Dans ce pays qui se targue d’avoir apporté « les Lumières » au monde moderne, d’avoir libéré l’usage de la raison pour penser un monde meilleur, est-il encore envisageable d’avoir un débat… raisonnable sur les choix de politiques qui vont impacter le futur de tous et de chacun ? Je fais partie de ceux qui sont tentés de répondre instantanément par la négative : les débats « politiques » — que je ne suis le plus souvent que de loin — me dépriment ; au journal télévisé le radiotrottoir a été substitué à la réflexion, on « balance » des chiffres dans tous les sens sans jamais les expliquer et l’on discute plus des « affaires » des candidats que de celles de notre démocratie.
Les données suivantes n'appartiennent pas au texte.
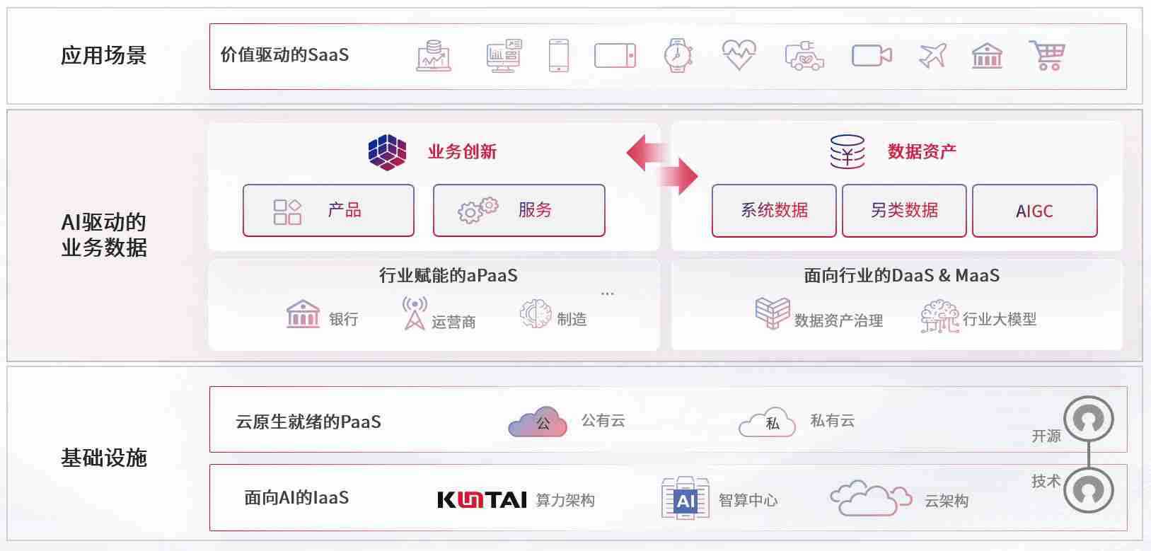 数字时代,,围绕企业数字化转型的关键要素,,星欧娱乐数码开创性的提出数云融合战略和技术体系框架,,着力在云原生、、、、数字原生、、、AI原生和信创产业上架构产品和服务能力,,,为处在不同数字化转型阶段的快消零售、、、、汽车、、、金融、、、、医疗、、、政企、、、教育、、、运营商等行业客户提供泛在的敏捷IT能力和融合的数据驱动能力,,,构建跨界融合创新的数字业务场景和新业务模式,,,,助力企业级客户建立面向未来的核心能力和竞争优势,,全面推动社会的数字化、、、、智能化转型升级。。

Pourtant ! Dans notre démocratie comme dans toute démocratie, aucune réforme ne sera envisageable tant qu’un consensus suffisamment large ne se dégagera autour de la nécessité de quelques réformes, pas forcément nombreuses, mais radicales. C’est l’absence d’un tel consensus qui explique que rien n’a bougé dans ce pays depuis les réformes socialistes des années Mitterrand qui elles-mêmes s’inscrivaient dans la continuité des réformes d’après-guerre. Conséquence : le pays s’englue dans le statu quo, régresse, lentement mais sûrement, dans la plupart des comparatifs internationaux (PIB par habitant, libertés économiques, PISA, qualité des soins, finances publiques) ; ce qui n’empêche pas bien entendu nos ténors de la politique – à commencer par ceux qui sont au pouvoir – de crier « que nenni ! » et d’affirmer la tête haute – tel notre bon coq gaulois – que nous sommes bien toujours les meilleurs du monde (et pas qu’en football !).
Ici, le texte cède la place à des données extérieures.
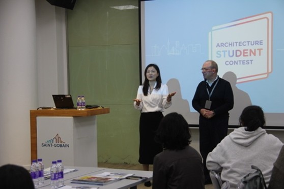 四位来自业务部门及研发中心的同事们分别从他们的专业领域出发,为同学们讲解了圣戈班建筑材料的性能和应用以及建筑材料生命周期评估,旨在帮助同学们在完成设计方案的过程中,更准确且恰到好处地应用圣戈班的建筑材料,并充分考量设计方案的环境影响。讲座结束后,同学们还参观了上海研发中心的展厅,了解相关产品的实物及其应用行业。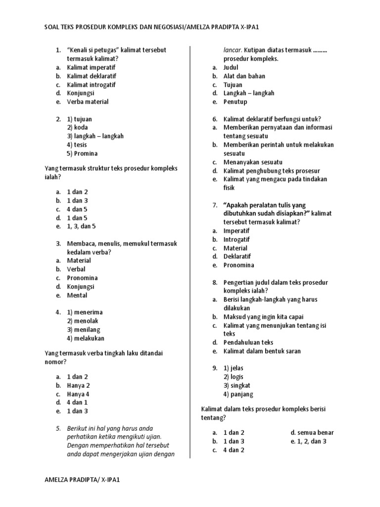 Soal Teks Prosedur Kompleks Dan Negosiasiamelza Pradipta X Ipa1

Si nous nourrissons quelques ambitions pour notre futur nous n’avons donc pas le choix : il nous faut travailler à l’émergence d’un vrai débat et tâcher de dégager ce nécessaire consensus. La bonne nouvelle c’est que nombreuses sont les réformes qui, bien conçues, débouchent sur du gagnant-gagnant. Je pense par exemple aux réformes touchant au système de santé, aux retraites, à l’éducation… Les systèmes actuels ne font que des mécontents, du côté des élèves, des étudiants, des retraités et des patients, comme du côté des praticiens (médecins, infirmiers) des enseignants ou des cotisants.
Il sera par définition plus difficile de revenir sur des privilèges. Le mieux souvent consiste à les « racheter » : c’est douloureux à court terme pour ceux qui versent la « compensation », mais on pourra au moins repartir sur une situation assainie (nous pensons en particulier à des « professions réglementées »).
C’est sans doute sur les sujets moins « économiques » que le consensus sera a priori plus difficile à trouver. Nous le savons, le libéralisme est fondé sur la liberté, la responsabilité individuelle et le respect de la dignité des personnes, mais il est aussi construit fondamentalement à partir de l’idée de tolérance. Nous ne devons pas imposer aux autres notre façon de vivre, de penser, d’agir tant qu’ils respectent la nôtre et ne la mettent pas en péril. Nous devons accepter qu’ils aient une idée différente de la Vérité, que certains prient un autre Dieu ou soient incroyants, qu’ils consomment, se distraient, conçoivent l’éducation différemment de nous. En étant tolérant nous respectons la liberté de l’autre, sa dignité. Nous devenons aussi de la sorte tous égaux devant la loi humaine qui protège chacune et chacun de nous contre les agressions d’autrui.
Mais évidemment cette indispensable tolérance ne nous prive pas de penser que l’autre est dans l’erreur et d’œuvrer de toutes nos forces pour qu’éclate ce qui, nous en sommes convaincus, est la Vérité. C’est même, pour beaucoup, un devoir moral : pour le chrétien, le juif, le musulman tout comme pour l’apôtre de l’égalitarisme, du féminisme ou de l’écologisme « politique ». Il faut à tout prix défendre « la cause ». Pour le libéral cela est d’autant plus vrai que l’idée même de tolérance, de dignité humaine et de liberté peut être directement menacée par la défense de certaines « causes » embrassées par une partie de nos concitoyens.
Il faut donc s’attendre dans une démocratie libérale à la tenue de débats passionnés, surtout dans un pays latin comme le nôtre, peuplé d’individus « au sang chaud ».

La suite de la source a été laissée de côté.